It looks also very similar to Localtunnel (https://localtunnel.me), except that Localtunnel is free and open source, so that you can run it on your own server. But Finch seems to be a little more user-friendly (easy forwarding of url's, for example).


And that localtunnel.me is a Node.js "port" of the original localtunnel (which has been superceded by ngrok): https://github.com/progrium/localtunnel



My first thought too. Ngrok's traffic inspection stuff is pretty cool, and it doesn't look like Finch has that.

Vagrant Share is also a similar idea, though obviously tied to Vagrant.


Ngrok looks cool, too. The traffic inspection tool sounds really great. It's a pity it's website is down now. If this often happens it's pricing may be good, but maybe are other services better alternatives if you can't always you Ngrok.


I know Alan and have been using Ngrok for months now. This is the first time I've noticed a seriously long outage. The site seems to be back up now, FWIW.


You can pay for ngrok though (I don't believe there was a price forced, rather donate any amount (pay-what-you-want service as he states it). And the sites not being online currently might probably have to do with inconshreveable (the author) updating it, as he stated in a tweet recently.

Also, I'm not sure but did ngrok provide the endpoint over ssl?


Yep, ngrok provides SSL endpoints for everyone automatically.


Or Anvil, which runs flawlessly and super simply. http://anvilformac.com/

Also completely free.


Anvil is a great tool for making sites accessible on the local machine and local network, but it does nothing to make your sites accessible from the Internet, especially if you're behind a NAT or a dynamic IP. Finch and the other mentioned services here do, so it's a bit like comparing apples to oranges.

EDIT: typo


Also sort of like xip.io


xip.io doesn't tunnel anything, it just creates convenient DNS records.

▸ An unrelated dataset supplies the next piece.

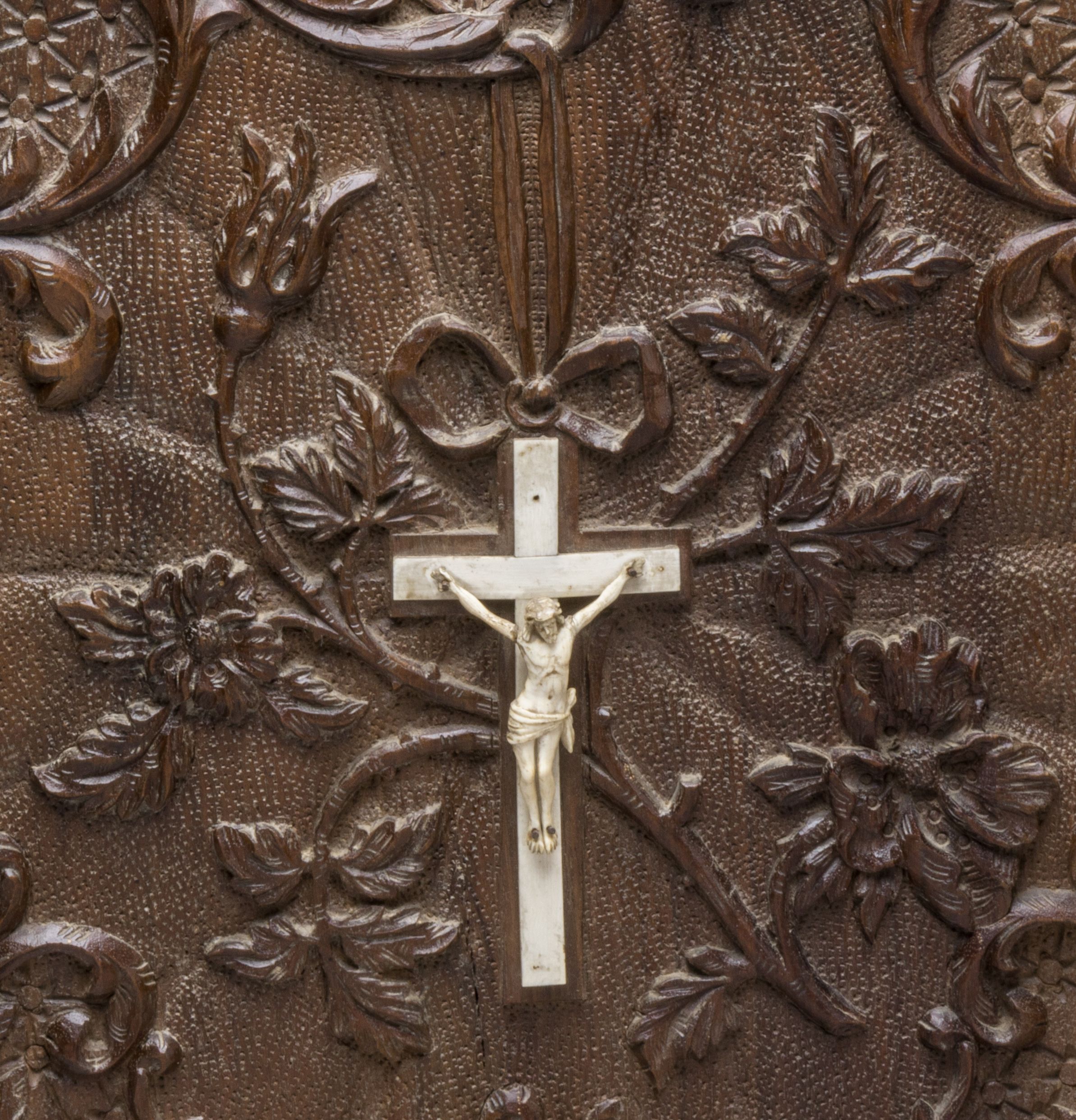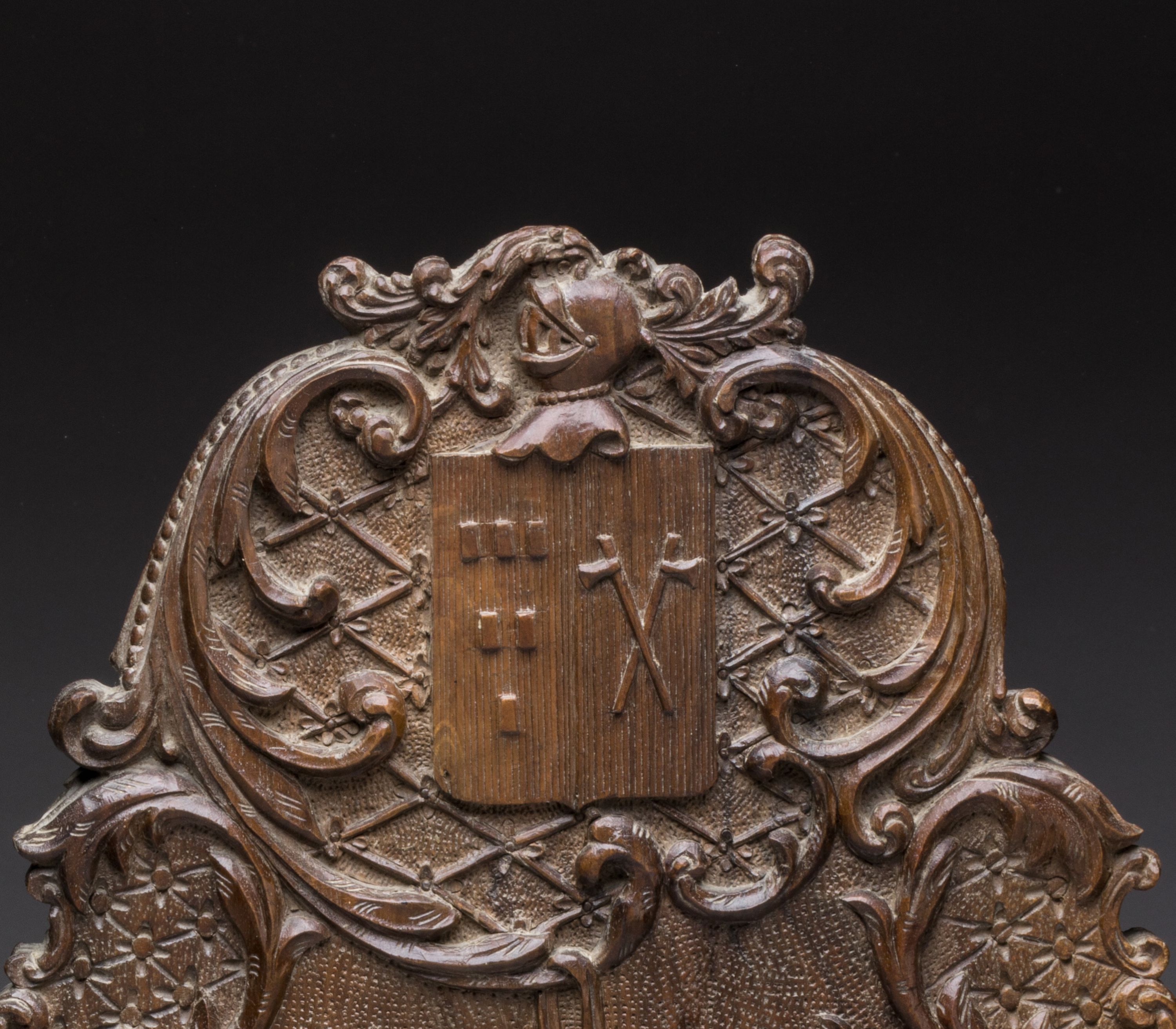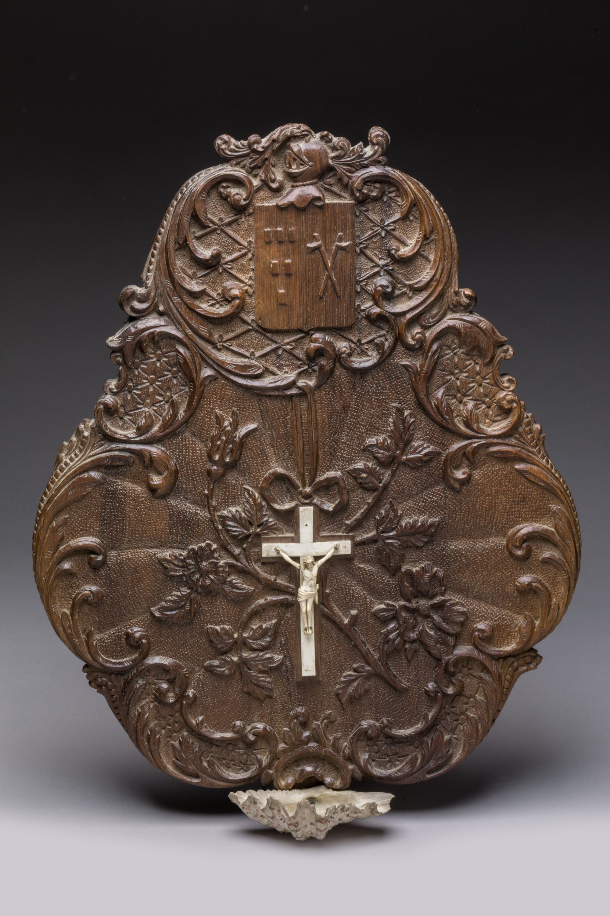 en bois finement sculpté à décor d'une branche de rosier fleurie et d'armoiries timbrées d'un heaume à lambrequins dans un encadrement d'agrafes feuillagées. Il est appliqué d'un crucifix en ivoire (elephantidae SPP) et agrémenté d'une coquille de bivalve.
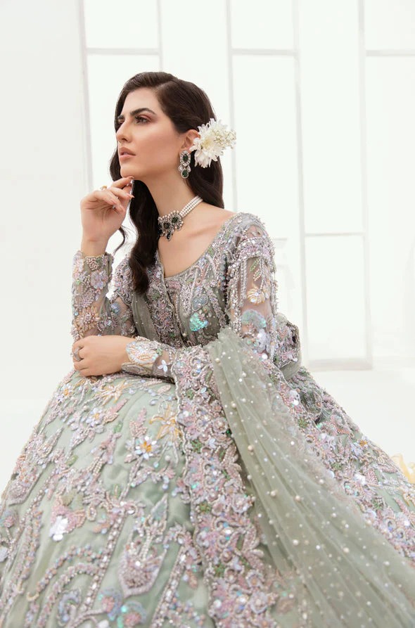 Embellishments~ Intricate embroidery, beadwork, sequins, cut dana embellishments, kora dabka embellishments and lace details all have been included as per the specific suits requirements

I might just be unlucky, but the few times in the past where I've tried to use either ngrok or localtunnel - they've been down.


ngrok is amazing and open.


When it's not down, like now or most of the time. :(


I used ngrok pretty heavily a couple months ago for a period of weeks and it never never down when I was using it. This is the first time I've ever seen ngrok (service or site) down.


do these support sni/https correctly? Last time I checked localtunnel/ngrok, it did not. Pagekite does.